> [Data under study]:
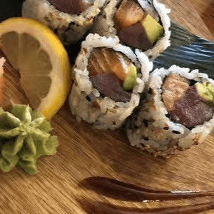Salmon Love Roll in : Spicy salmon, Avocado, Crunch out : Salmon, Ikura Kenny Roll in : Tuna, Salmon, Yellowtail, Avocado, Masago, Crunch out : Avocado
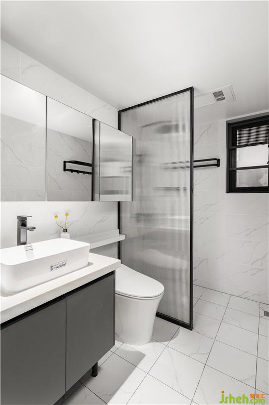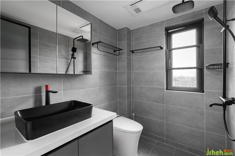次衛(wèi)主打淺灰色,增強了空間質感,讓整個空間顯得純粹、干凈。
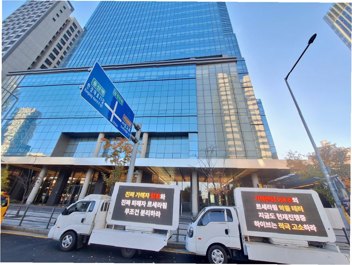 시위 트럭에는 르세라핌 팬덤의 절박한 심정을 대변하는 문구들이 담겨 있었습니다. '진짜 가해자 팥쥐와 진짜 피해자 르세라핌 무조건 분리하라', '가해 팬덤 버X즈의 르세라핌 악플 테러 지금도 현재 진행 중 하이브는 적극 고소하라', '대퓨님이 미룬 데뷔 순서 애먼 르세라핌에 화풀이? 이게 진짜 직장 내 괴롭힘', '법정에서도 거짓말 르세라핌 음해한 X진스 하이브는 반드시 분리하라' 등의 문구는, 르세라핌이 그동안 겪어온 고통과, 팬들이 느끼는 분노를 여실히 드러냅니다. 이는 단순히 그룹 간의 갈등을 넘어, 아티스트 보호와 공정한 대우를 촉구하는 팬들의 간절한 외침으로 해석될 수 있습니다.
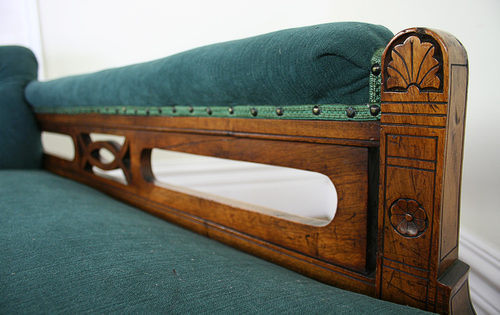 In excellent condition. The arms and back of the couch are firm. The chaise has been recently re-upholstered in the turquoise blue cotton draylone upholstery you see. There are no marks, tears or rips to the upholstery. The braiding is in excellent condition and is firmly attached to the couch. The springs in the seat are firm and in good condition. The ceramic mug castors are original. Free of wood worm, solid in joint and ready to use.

==

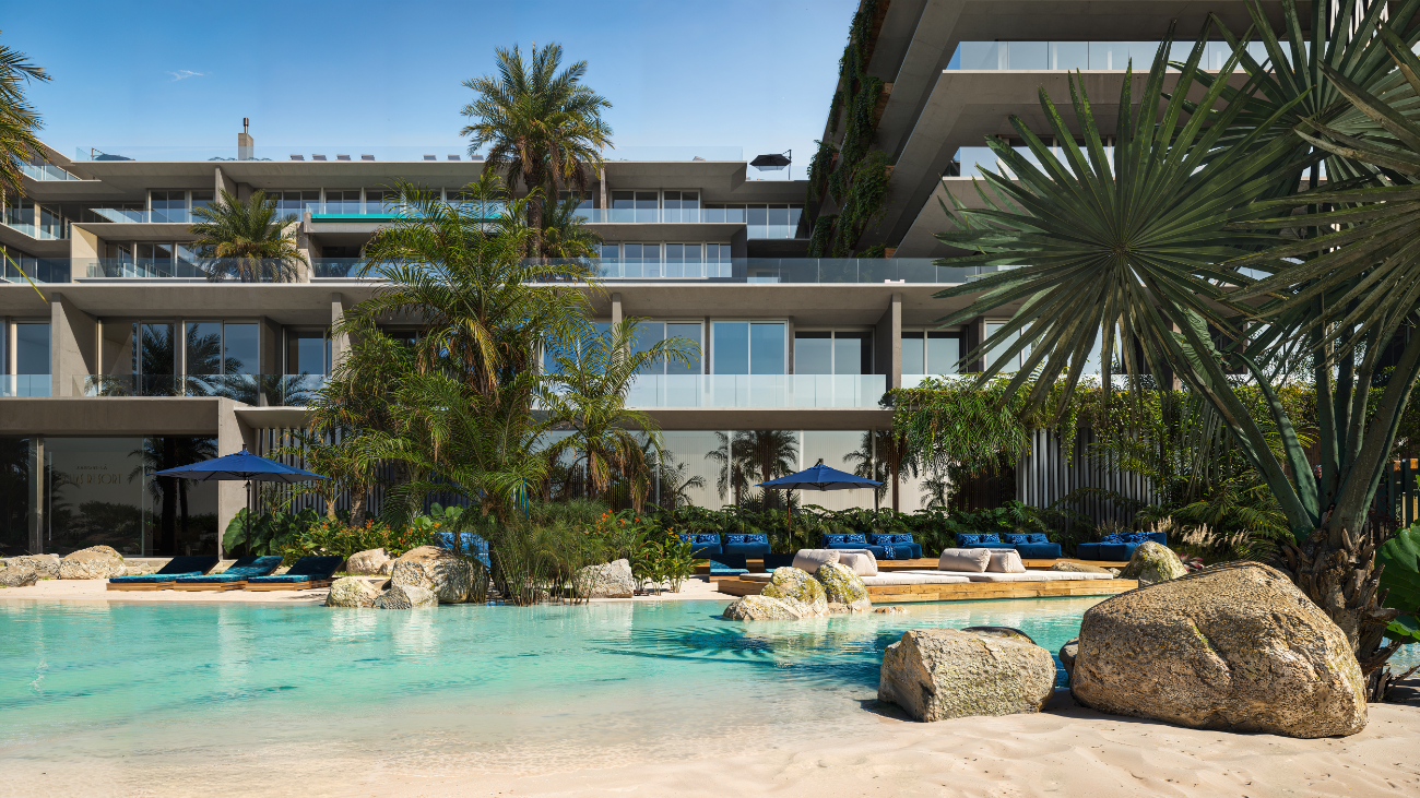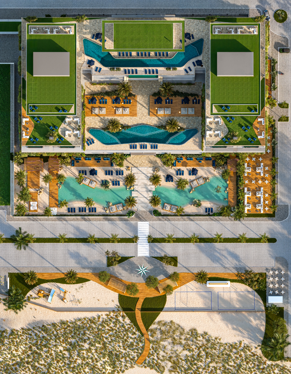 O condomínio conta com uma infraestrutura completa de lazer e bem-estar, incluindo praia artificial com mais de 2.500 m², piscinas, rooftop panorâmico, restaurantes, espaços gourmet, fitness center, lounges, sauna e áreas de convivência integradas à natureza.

> [Exercise aim]: When you reach the line holding "Salmon Love Roll" in the listing above, begin retyping exactly, and stop once the line holding "In excellent condition." is done; pictures stay out.

> [Response to the task]:
Salmon Love Roll in : Spicy salmon, Avocado, Crunch out : Salmon, Ikura Kenny Roll in : Tuna, Salmon, Yellowtail, Avocado, Masago, Crunch out : Avocado
次衛(wèi)主打淺灰色,增強了空間質感,讓整個空間顯得純粹、干凈。
 시위 트럭에는 르세라핌 팬덤의 절박한 심정을 대변하는 문구들이 담겨 있었습니다. '진짜 가해자 팥쥐와 진짜 피해자 르세라핌 무조건 분리하라', '가해 팬덤 버X즈의 르세라핌 악플 테러 지금도 현재 진행 중 하이브는 적극 고소하라', '대퓨님이 미룬 데뷔 순서 애먼 르세라핌에 화풀이? 이게 진짜 직장 내 괴롭힘', '법정에서도 거짓말 르세라핌 음해한 X진스 하이브는 반드시 분리하라' 등의 문구는, 르세라핌이 그동안 겪어온 고통과, 팬들이 느끼는 분노를 여실히 드러냅니다. 이는 단순히 그룹 간의 갈등을 넘어, 아티스트 보호와 공정한 대우를 촉구하는 팬들의 간절한 외침으로 해석될 수 있습니다.
 In excellent condition. The arms and back of the couch are firm. The chaise has been recently re-upholstered in the turquoise blue cotton draylone upholstery you see. There are no marks, tears or rips to the upholstery. The braiding is in excellent condition and is firmly attached to the couch. The springs in the seat are firm and in good condition. The ceramic mug castors are original. Free of wood worm, solid in joint and ready to use.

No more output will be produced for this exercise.